Although semiquantitative serum ketone testing with nitroprusside was the major methodology used for detecting elevated blood ketoacid and acetone levels for many years, it has now been replaced by direct measurement of serum beta-hydroxybutyrate levels.

Direct measurement of serum beta-hydroxybutyrate — The serum nitroprusside test for ketone bodies has been largely replaced by direct assays for beta-hydroxybutyrate [33]. Several beta-hydroxybutyrate assay instruments are commercially available [34-37]. Direct assays for serum beta-hydroxybutyrate eliminate the problems associated with nitroprusside testing (eg, false positives and false negatives). One limitation of most of these direct assays, however, is that beta-hydroxybutyrate is not quantitated above a level of 6 mEq/L. An ideal assay for "ketoacids" would measure the concentrations of both acetoacetate and beta-hydroxybutyrate.

Point-of-care bedside analyzers to measure capillary blood beta-hydroxybutyrate are becoming increasingly available [38,39].

Anion gap metabolic acidosis — The serum anion gap is calculated as follows:

Serum anion gap = Serum sodium - (serum chloride + bicarbonate)

By convention, it is the actual measured plasma sodium concentration and not the sodium concentration corrected for the simultaneous glucose concentration that is used for this calculation.

The serum bicarbonate concentration in DKA is usually moderately to markedly reduced. In contrast, the serum bicarbonate concentration is normal or only mildly reduced in HHS (table 1). Patients with DKA usually present with a serum anion gap greater than 20 mEq/L (reference range approximately 3 to 10 mEq/L). In patients with DKA, the elevated anion gap metabolic acidosis is caused by the accumulation of beta-hydroxybutyric and acetoacetic acids.
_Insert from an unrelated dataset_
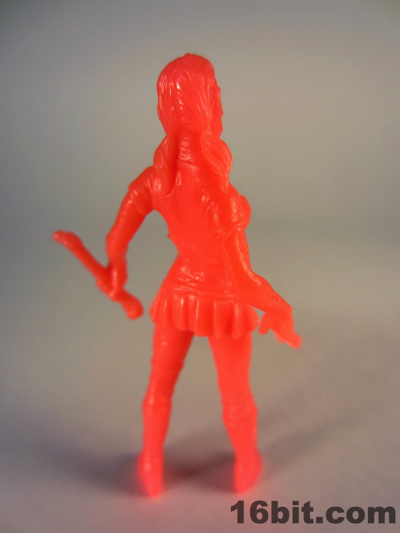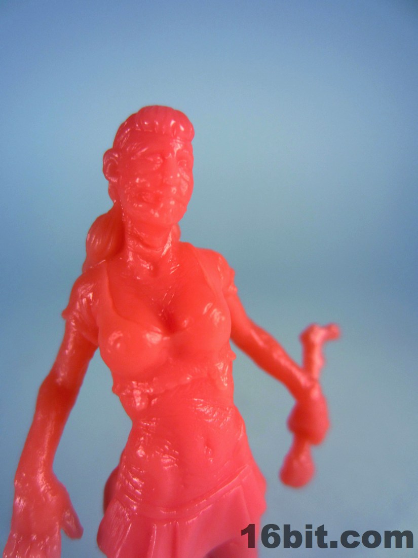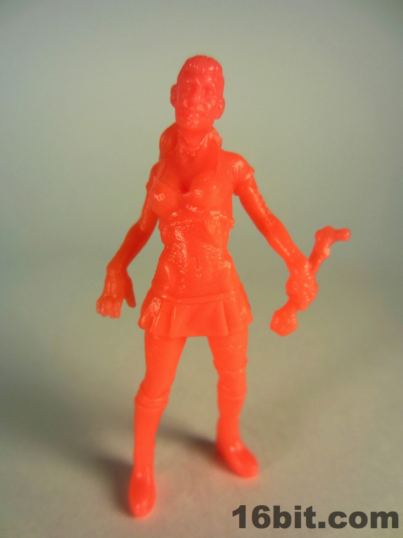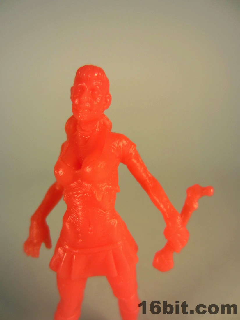 Completing the set is the Cheerleader Zombie, complete with huge boobs, sculpted nipples, insane abs, and a chunk of her face missing. Much like the cheerleaders in my high school, she also seems to have something carved in her leg. The cheerleader carries a bone in her hand plus wears high boots which should offer her no protection against the rampaging hordes of flesh-hungry undead. At about 2 1/3-inches high, she's the second tallest figure in the set.

However, the increase in anion gap is variable, being determined by several factors: the rate and duration of ketoacid production, the rate of metabolism of the ketoacids and their loss in the urine, and the volume of distribution of the ketoacid anions. (See "Diabetic ketoacidosis and hyperosmolar hyperglycemic state in adults: Epidemiology and pathogenesis", section on 'Anion gap metabolic acidosis'.)

Compensatory hyperventilation reduces the partial pressure of carbon dioxide (CO2) and mitigates the fall in arterial pH. However, severe ketoacidosis can reduce the pH below 7, especially if hyperventilation is compromised.

Plasma osmolality — Plasma osmolality (Posm) is always elevated in patients with HHS but less so with DKA (table 1). The typical total body deficits of water and electrolytes in DKA and HHS are compared in a table (table 4). In patients with HHS, the effective Posm is typically >320 mosmol/kg (reference range approximately 275 to 295 mosmol/kg).

Effective Posm (in mosmol/kg) is the portion of total osmolality that is generated by sodium salts and glucose (and, if present, mannitol or sucrose). Effective osmoles do not penetrate most cell membranes and can cause movement of water across membranes to achieve osmolal equilibrium. Effective Posm does not include "ineffective" osmoles, such as urea, because urea is rapidly permeable across most cell membranes and its accumulation does not induce major water shifts between the intracellular spaces (including the brain) and the extracellular water space [40].

Effective osmolality can be estimated with either of the following equations, depending upon the units for sodium (Na) and glucose:

Effective Posm = [2 x Na (mEq/L)] + [glucose (mg/dL) ÷ 18]

Effective Posm = [2 x Na (mmol/L)] + glucose (mmol/L)

The Na concentration in these equations is the actual measured plasma Na concentration and not the corrected Na concentration. The Na is multiplied by two to account for the osmotic contribution of sodium's accompanying anions (primarily chloride and bicarbonate). Eighteen is a factor to convert glucose units from mg/dL into mmol/L.

If the Posm is measured, using a freezing point reduction osmometer, the result is the total osmolality. Because effective osmolality excludes urea osmoles (BUN), it can be estimated as:

Effective Posm = Measured Posm - [BUN (mg/dL) ÷ 2.8]

Effective Posm = Measured Posm - BUN (mmol/L)

2.8 is a factor to convert urea concentration from units of mg/dL into mmol/L.

Serum sodium — Most patients with DKA and HHS are mildly hyponatremic [41]. However, patients with HHS who have a marked osmotic diuresis may present with a normal or even elevated serum Na concentration, despite a markedly elevated serum glucose concentration that can exceed 1000 mg/dL (56 mmol/L) [42]. These patients have a markedly elevated effective Posm and often have neurologic symptoms that can include seizures and coma (see 'Neurologic symptoms' above). Inadequate water intake contributes to the hyperosmolality and is a particular problem in hot weather and in older individuals who may have an impaired thirst mechanism [43].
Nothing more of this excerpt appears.